** Opening DATA EXCERPT block **
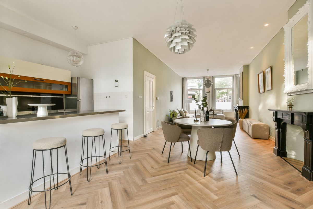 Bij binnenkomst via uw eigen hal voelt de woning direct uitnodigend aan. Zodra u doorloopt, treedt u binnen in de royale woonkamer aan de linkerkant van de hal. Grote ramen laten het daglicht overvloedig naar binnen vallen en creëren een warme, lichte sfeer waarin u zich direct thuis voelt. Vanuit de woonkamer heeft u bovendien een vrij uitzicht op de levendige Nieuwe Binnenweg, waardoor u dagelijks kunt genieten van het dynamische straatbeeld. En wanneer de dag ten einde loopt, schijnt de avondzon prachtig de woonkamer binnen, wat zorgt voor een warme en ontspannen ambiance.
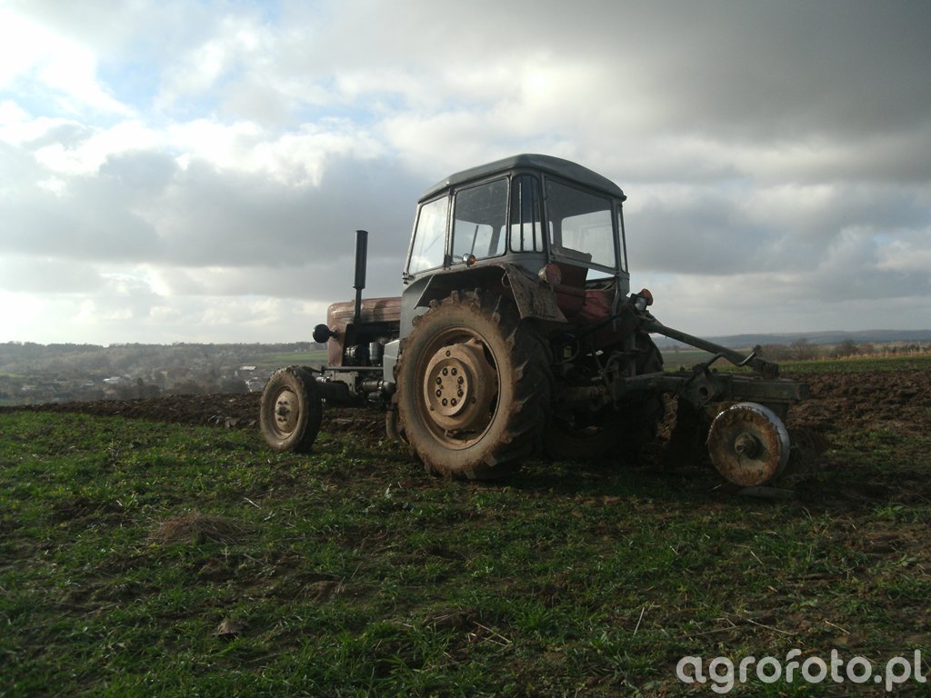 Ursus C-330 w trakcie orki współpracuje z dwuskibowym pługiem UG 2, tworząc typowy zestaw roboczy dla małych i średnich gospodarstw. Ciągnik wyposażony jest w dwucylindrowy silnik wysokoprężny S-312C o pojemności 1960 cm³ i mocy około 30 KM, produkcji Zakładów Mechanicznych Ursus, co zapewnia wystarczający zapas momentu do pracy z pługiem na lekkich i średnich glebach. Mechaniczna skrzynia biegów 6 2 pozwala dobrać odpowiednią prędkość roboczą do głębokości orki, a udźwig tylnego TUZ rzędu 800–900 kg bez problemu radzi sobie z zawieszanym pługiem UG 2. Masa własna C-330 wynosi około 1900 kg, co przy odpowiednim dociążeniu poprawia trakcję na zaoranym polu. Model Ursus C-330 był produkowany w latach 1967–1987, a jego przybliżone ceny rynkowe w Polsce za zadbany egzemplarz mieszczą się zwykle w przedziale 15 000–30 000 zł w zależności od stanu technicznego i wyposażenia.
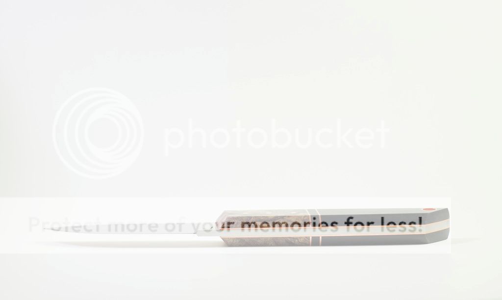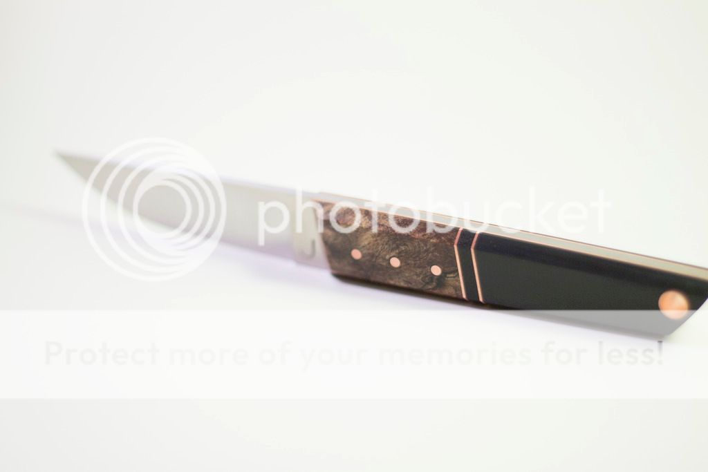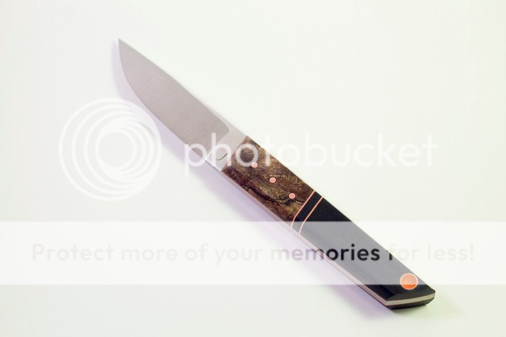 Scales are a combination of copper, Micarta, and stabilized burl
** Closing DATA EXCERPT block **
REQUIRED WORK: Quote the data above in full, leaving out the pictures it holds.

SOLUTION TO THIS TASK:
 Bij binnenkomst via uw eigen hal voelt de woning direct uitnodigend aan. Zodra u doorloopt, treedt u binnen in de royale woonkamer aan de linkerkant van de hal. Grote ramen laten het daglicht overvloedig naar binnen vallen en creëren een warme, lichte sfeer waarin u zich direct thuis voelt. Vanuit de woonkamer heeft u bovendien een vrij uitzicht op de levendige Nieuwe Binnenweg, waardoor u dagelijks kunt genieten van het dynamische straatbeeld. En wanneer de dag ten einde loopt, schijnt de avondzon prachtig de woonkamer binnen, wat zorgt voor een warme en ontspannen ambiance.
 Ursus C-330 w trakcie orki współpracuje z dwuskibowym pługiem UG 2, tworząc typowy zestaw roboczy dla małych i średnich gospodarstw. Ciągnik wyposażony jest w dwucylindrowy silnik wysokoprężny S-312C o pojemności 1960 cm³ i mocy około 30 KM, produkcji Zakładów Mechanicznych Ursus, co zapewnia wystarczający zapas momentu do pracy z pługiem na lekkich i średnich glebach. Mechaniczna skrzynia biegów 6 2 pozwala dobrać odpowiednią prędkość roboczą do głębokości orki, a udźwig tylnego TUZ rzędu 800–900 kg bez problemu radzi sobie z zawieszanym pługiem UG 2. Masa własna C-330 wynosi około 1900 kg, co przy odpowiednim dociążeniu poprawia trakcję na zaoranym polu. Model Ursus C-330 był produkowany w latach 1967–1987, a jego przybliżone ceny rynkowe w Polsce za zadbany egzemplarz mieszczą się zwykle w przedziale 15 000–30 000 zł w zależności od stanu technicznego i wyposażenia.
 Scales are a combination of copper, Micarta, and stabilized burl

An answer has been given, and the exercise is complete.